__WHAT IS REQUIRED__:
From the material below, return exactly the lines starting at the one that holds "BROOKLYN, MICHIGAN –" and ending at the one that holds "Aqui o cuidado". Pictures stay out of the answer.

__DATA SECTION__:
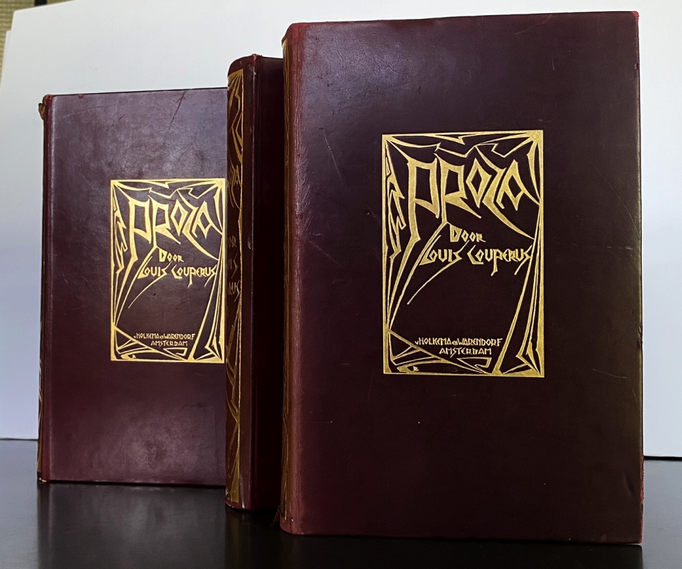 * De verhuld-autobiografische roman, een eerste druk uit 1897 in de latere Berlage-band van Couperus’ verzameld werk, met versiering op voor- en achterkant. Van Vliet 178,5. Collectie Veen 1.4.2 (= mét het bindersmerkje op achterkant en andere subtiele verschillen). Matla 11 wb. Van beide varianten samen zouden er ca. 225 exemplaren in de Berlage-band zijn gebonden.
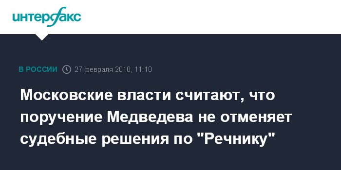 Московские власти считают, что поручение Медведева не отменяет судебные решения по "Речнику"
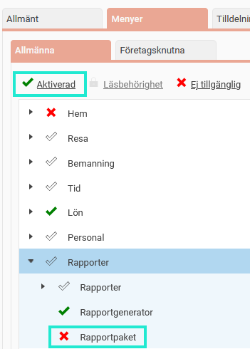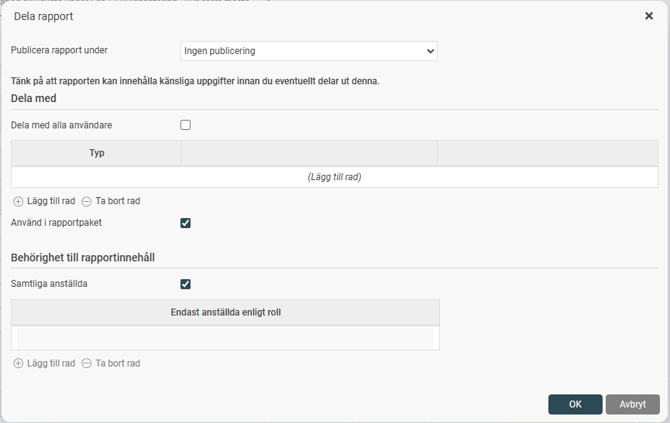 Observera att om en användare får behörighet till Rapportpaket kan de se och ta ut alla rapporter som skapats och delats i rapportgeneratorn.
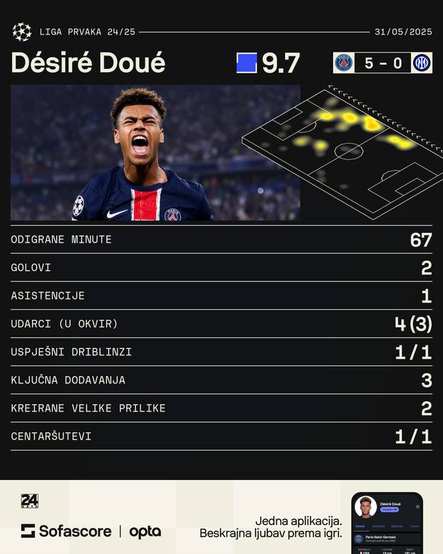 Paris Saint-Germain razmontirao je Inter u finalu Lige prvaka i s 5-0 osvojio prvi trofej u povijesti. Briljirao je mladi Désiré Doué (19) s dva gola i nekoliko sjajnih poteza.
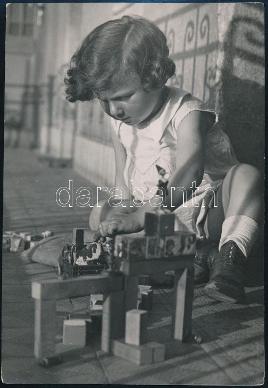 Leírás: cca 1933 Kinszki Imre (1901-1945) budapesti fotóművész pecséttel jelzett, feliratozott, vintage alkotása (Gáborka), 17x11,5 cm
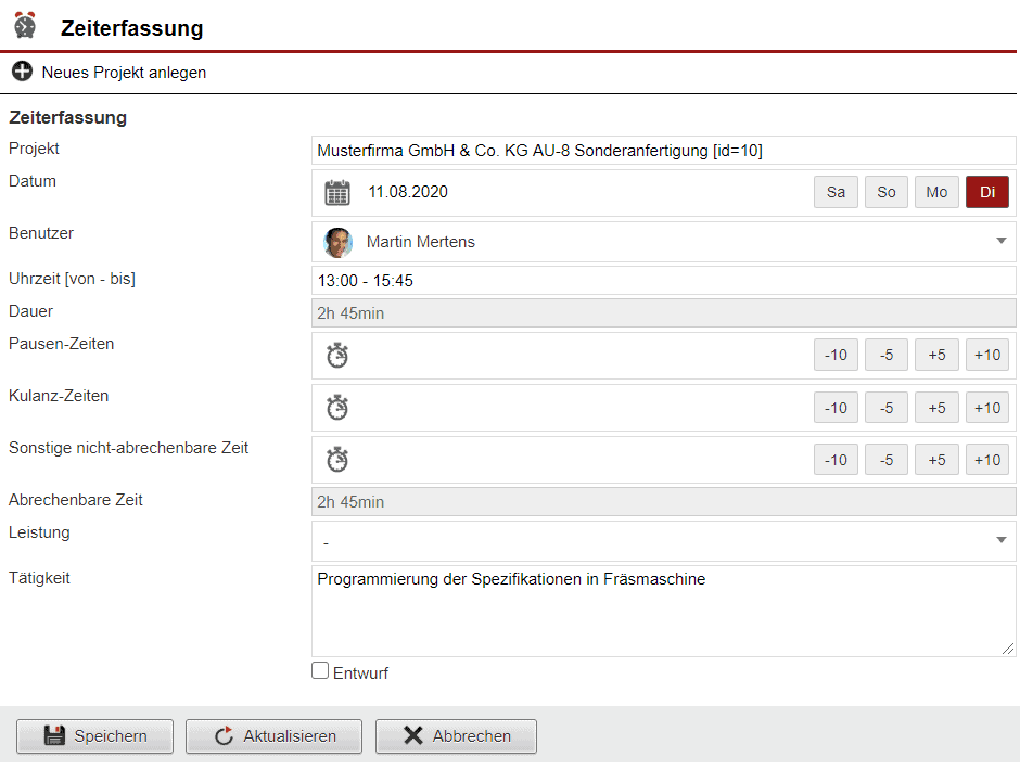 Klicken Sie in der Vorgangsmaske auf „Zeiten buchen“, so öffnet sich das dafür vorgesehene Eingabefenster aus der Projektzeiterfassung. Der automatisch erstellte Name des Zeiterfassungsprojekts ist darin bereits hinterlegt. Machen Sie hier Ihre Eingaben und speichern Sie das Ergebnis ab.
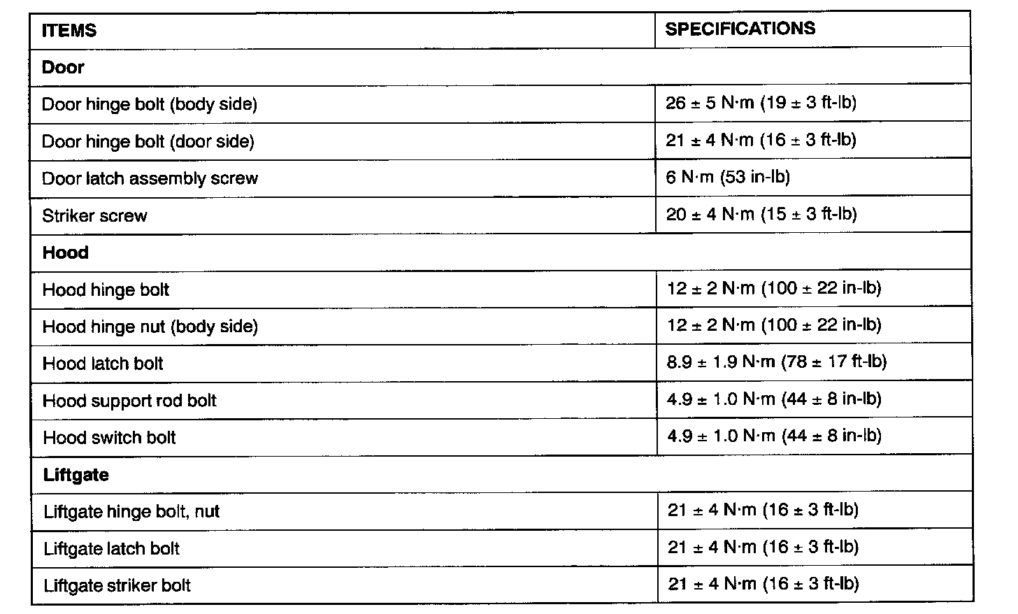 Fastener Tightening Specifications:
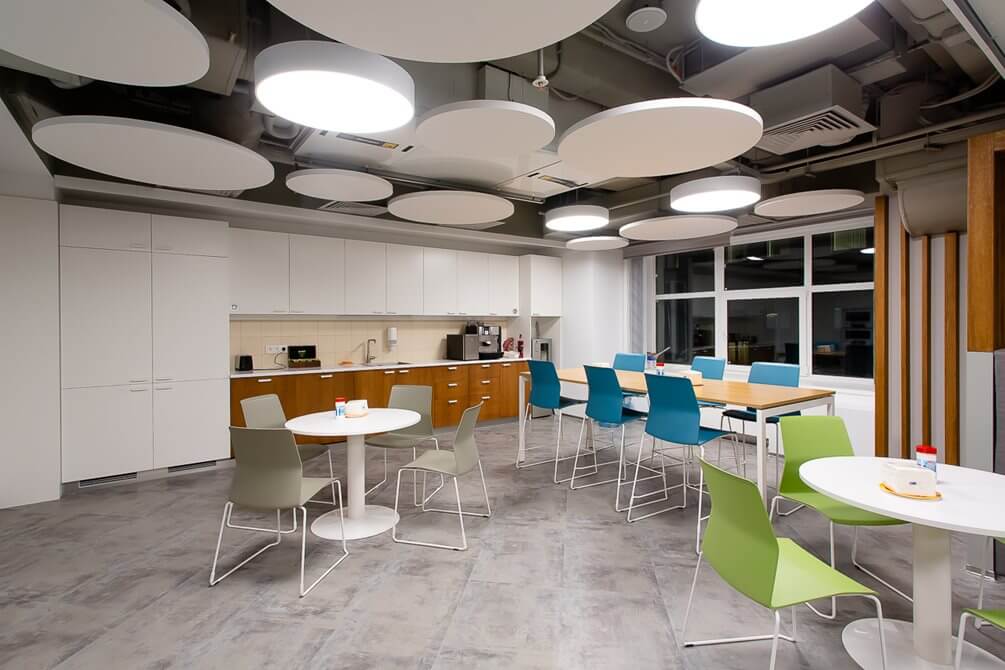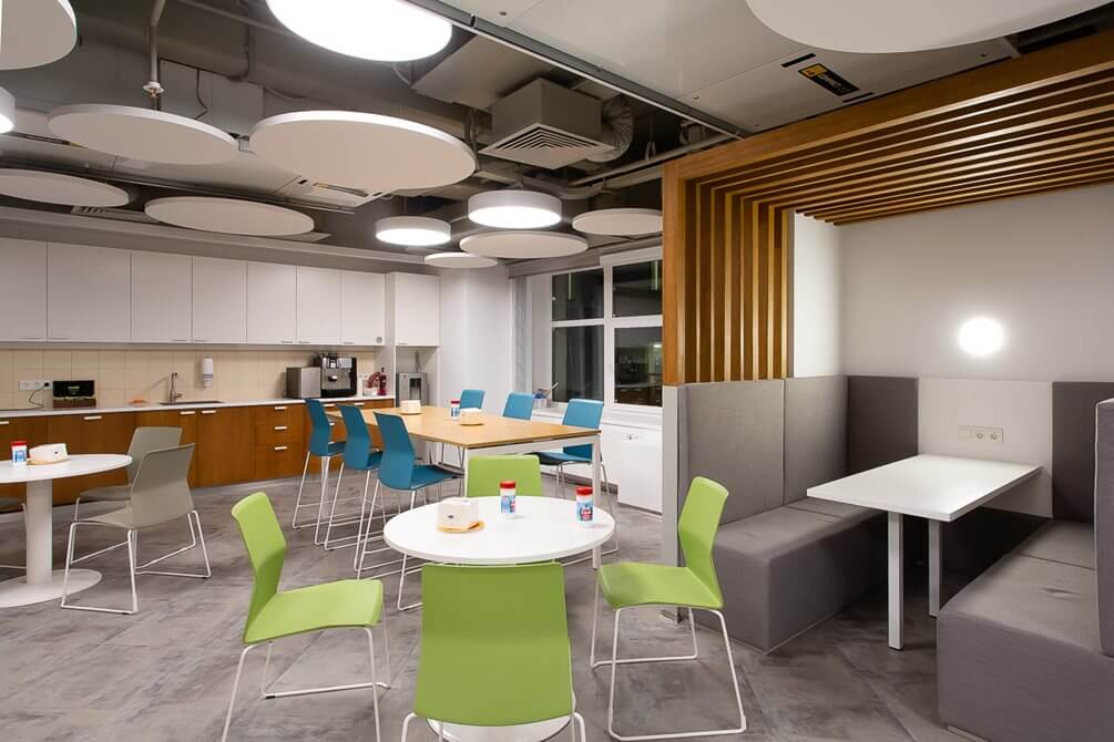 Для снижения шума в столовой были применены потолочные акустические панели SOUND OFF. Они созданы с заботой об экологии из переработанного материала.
...
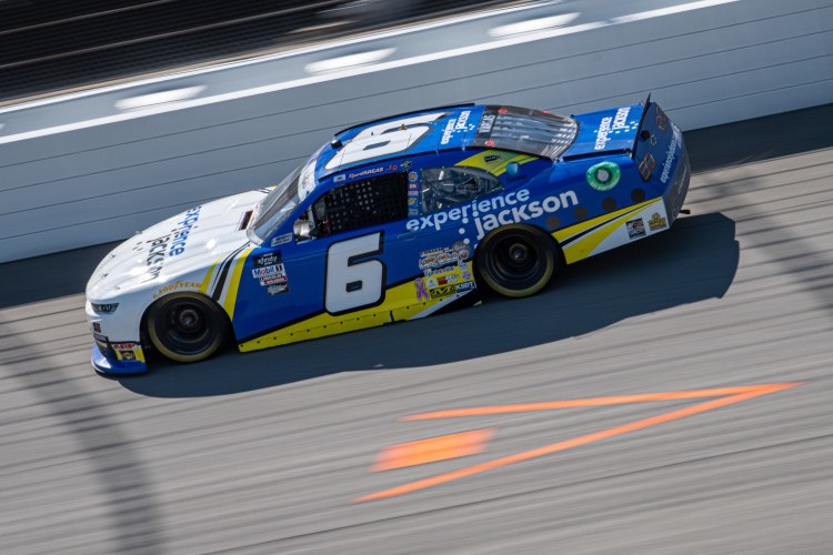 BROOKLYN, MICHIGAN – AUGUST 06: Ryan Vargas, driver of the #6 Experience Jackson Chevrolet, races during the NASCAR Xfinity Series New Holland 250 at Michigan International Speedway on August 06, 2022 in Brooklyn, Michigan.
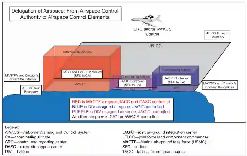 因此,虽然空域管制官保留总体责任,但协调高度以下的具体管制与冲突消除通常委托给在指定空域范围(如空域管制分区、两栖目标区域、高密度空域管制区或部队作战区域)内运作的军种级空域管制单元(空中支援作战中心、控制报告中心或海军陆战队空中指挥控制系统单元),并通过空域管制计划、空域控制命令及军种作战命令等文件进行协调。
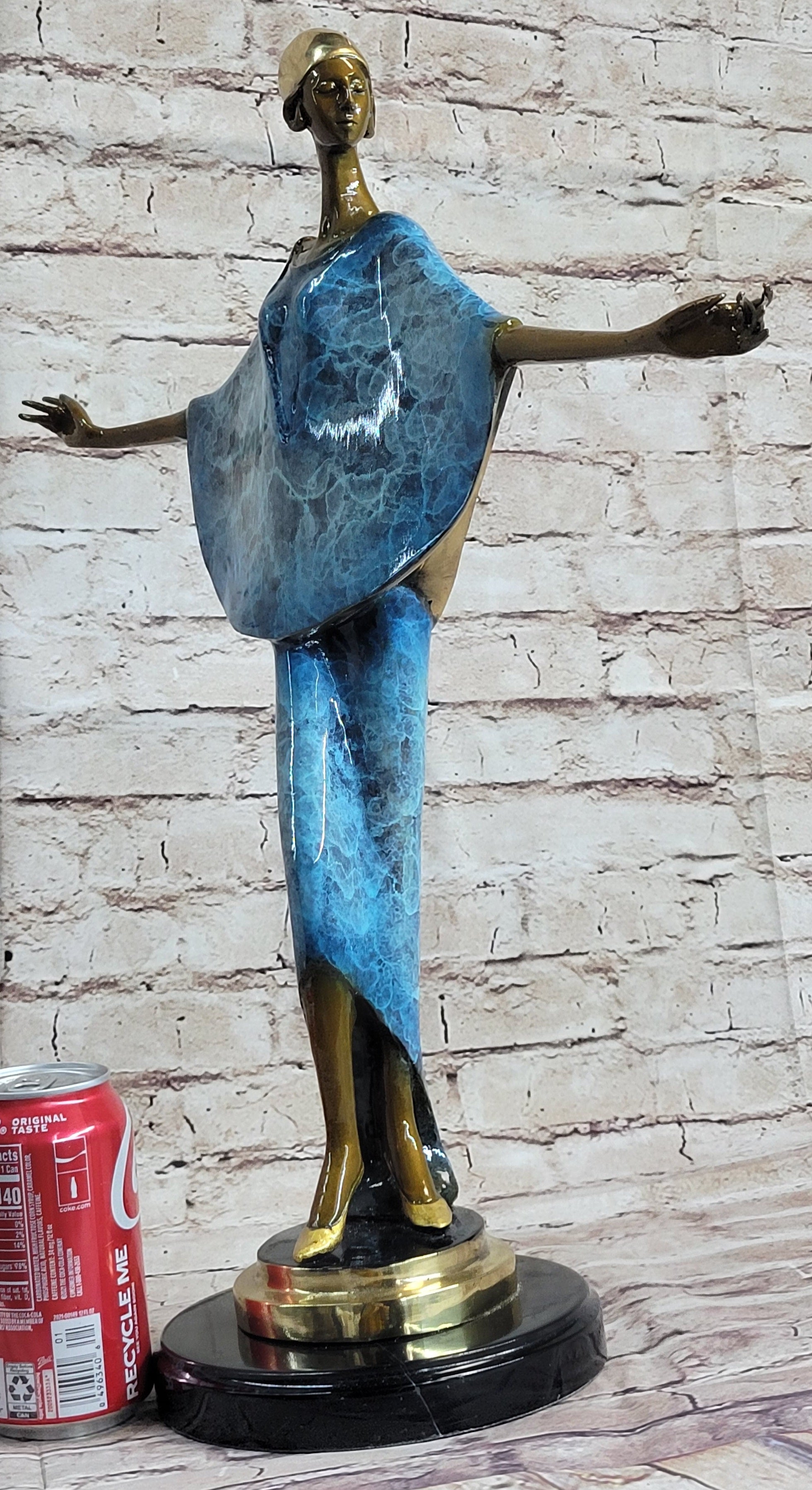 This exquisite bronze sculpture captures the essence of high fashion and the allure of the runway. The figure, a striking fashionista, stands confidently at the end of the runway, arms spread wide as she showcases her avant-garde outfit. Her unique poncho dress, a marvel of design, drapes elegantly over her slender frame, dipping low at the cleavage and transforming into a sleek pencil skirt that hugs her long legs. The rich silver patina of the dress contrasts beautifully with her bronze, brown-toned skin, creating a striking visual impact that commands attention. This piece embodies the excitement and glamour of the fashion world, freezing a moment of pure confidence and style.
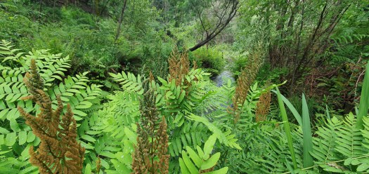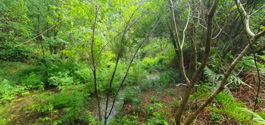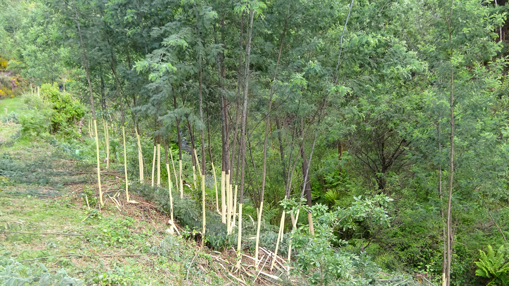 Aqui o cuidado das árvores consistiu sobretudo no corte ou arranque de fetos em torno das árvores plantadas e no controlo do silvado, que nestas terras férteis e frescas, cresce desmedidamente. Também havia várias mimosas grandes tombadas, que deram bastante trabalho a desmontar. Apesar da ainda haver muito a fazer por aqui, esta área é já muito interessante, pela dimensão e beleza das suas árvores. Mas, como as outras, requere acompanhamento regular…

__RESPONSE TO THE EXERCISE__:
 BROOKLYN, MICHIGAN – AUGUST 06: Ryan Vargas, driver of the #6 Experience Jackson Chevrolet, races during the NASCAR Xfinity Series New Holland 250 at Michigan International Speedway on August 06, 2022 in Brooklyn, Michigan.
 因此,虽然空域管制官保留总体责任,但协调高度以下的具体管制与冲突消除通常委托给在指定空域范围(如空域管制分区、两栖目标区域、高密度空域管制区或部队作战区域)内运作的军种级空域管制单元(空中支援作战中心、控制报告中心或海军陆战队空中指挥控制系统单元),并通过空域管制计划、空域控制命令及军种作战命令等文件进行协调。
 This exquisite bronze sculpture captures the essence of high fashion and the allure of the runway. The figure, a striking fashionista, stands confidently at the end of the runway, arms spread wide as she showcases her avant-garde outfit. Her unique poncho dress, a marvel of design, drapes elegantly over her slender frame, dipping low at the cleavage and transforming into a sleek pencil skirt that hugs her long legs. The rich silver patina of the dress contrasts beautifully with her bronze, brown-toned skin, creating a striking visual impact that commands attention. This piece embodies the excitement and glamour of the fashion world, freezing a moment of pure confidence and style.
 Aqui o cuidado das árvores consistiu sobretudo no corte ou arranque de fetos em torno das árvores plantadas e no controlo do silvado, que nestas terras férteis e frescas, cresce desmedidamente. Também havia várias mimosas grandes tombadas, que deram bastante trabalho a desmontar. Apesar da ainda haver muito a fazer por aqui, esta área é já muito interessante, pela dimensão e beleza das suas árvores. Mas, como as outras, requere acompanhamento regular…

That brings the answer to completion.